As a teacher of future economic and workforce practitioners, Lowe felt she needed to help her students realize the usefulness of skill — not in further dividing society, but as a generative resource for promoting more equitable economies.
In 2004, as Lowe finished her postdoctoral studies and prepared to move to North Carolina to work at UNC, she came across one of the case studies she used in her book: BioNetwork, a group of community colleges collaborating to train people for work in biopharmaceutical companies. These community colleges not only prepared people for this new kind of work, but had to convince employers to relax hiring requirements to include refugees of declining textile and furniture industries who did not have college degrees.
Inspired by BioNetwork’s successful efforts, Lowe explored how organizations working with jobseekers and employers could utilize their positions to change industry and improve jobs. This curiosity took her around the country to places like Chicago, where public school programs were making similar relationships with manufacturers and training high schoolers. Such partnerships can lead to better benefits and pay for workers and systemic change within the businesses themselves.
“Our educational institutions should not be chasing businesses when these businesses are not prepared to invest in skill development themselves,” Lowe says. “We need to be relieving these institutions of that burden. And I think as a society, we benefit because there’s tremendous capacity within these institutions to be looking out, not just at the immediate skills that are needed, but the ones that we don’t even anticipate now.”
In her book, Lowe uses several case studies to demonstrate how skill development programs and worker advocates use their processes to inspire workplace change within industry. With that change, the quality of jobs improves, and employers shoulder more of the burden of skill development instead of leaving the responsibility to academia and worker advocates.
Lowe can relate to the importance of on-the-job learning.
“I’m definitely someone who has to learn through doing,” Lowe says. “The doing is being there in this case — talking to people about what’s happening at these firms and observing those interactions.”
Unexplored facets of skill
As Lowe reflected on her book and watched the news throughout the pandemic, she realized she barely mentioned a vital topic: race.

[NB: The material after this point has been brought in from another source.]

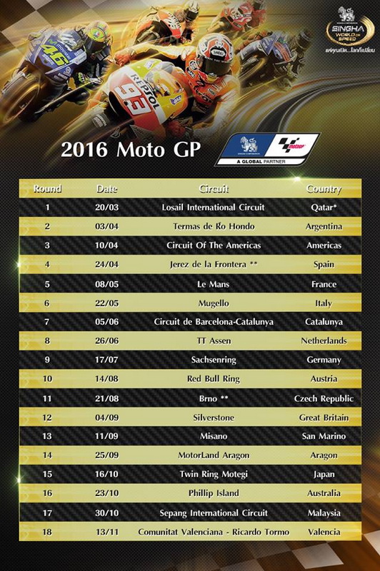 แม้ว่าเราจะเคยยืนยันตารางการแข่งขัน 2016 MotoGP ไปแล้วในเดือน พย. มาวันนี้เราขออัพเดทตาราง 2016 MotoGP อีกครั้ง ซึ่งทาง สิงห์ (Singha) ผู้เป็น Partner ร่วมในรายการนี้ได้เผยตารางการแข่งขัน มาเมื่อวันก่อนผ่านทางเพจ Singha Motor Sport โดยมีตารางการแข่งขันดังนี้

Some companies use skill to justify lower pay for employees of color or not hiring them at all. While many of the institutions Lowe cited in her book do work with these communities, she did not discuss racially biased skill assessments and requirements. She’s still in the early stages of unpacking that issue, devouring books on the subject. She admits she didn’t consider race enough in her previous research — but she’s ready to change that.

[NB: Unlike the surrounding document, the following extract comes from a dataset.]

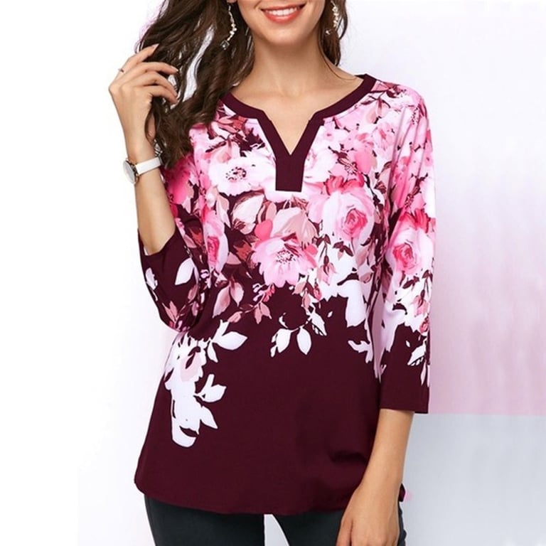 Damenbluse mit buntem Blumenmuster. Die Bluse hat 3/4-Ärmel und einen lockeren, geraden Schnitt. Plus-Size-Größen. In mehreren Varianten erhältlich.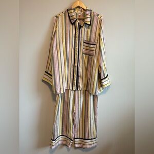Chic and comfortable satin pajama set with multicolor stripes. Features button-up top and matching pants.

“That was a moment in time, and I can keep evolving my own thinking about this,” Lowe says.
In addition to exploring this dimension of skill, Lowe is expanding her analysis to include manufacturing extension centers, government-funded organizations that assist small and medium-sized firms. She wants to find out how these centers are ensuring automation improves job quality and opportunities for frontline workers of color rather than displacing them — a topic she will explore in depth as an RTI University Scholar in 2022.
Earlier this year, she helped Chester and Hemstreet speak at a global economic development conference about Carolina Textile District and their work. Though she didn’t include their organization in her book, she has written a case study on their business.
“Nichola has an amazing ability to understand the heart of things and the why behind what we’re doing here in western North Carolina,” Chester says. “We’re making products, but at the end of the day it’s really about creating livelihoods for people here, and she’s always really just gotten that.”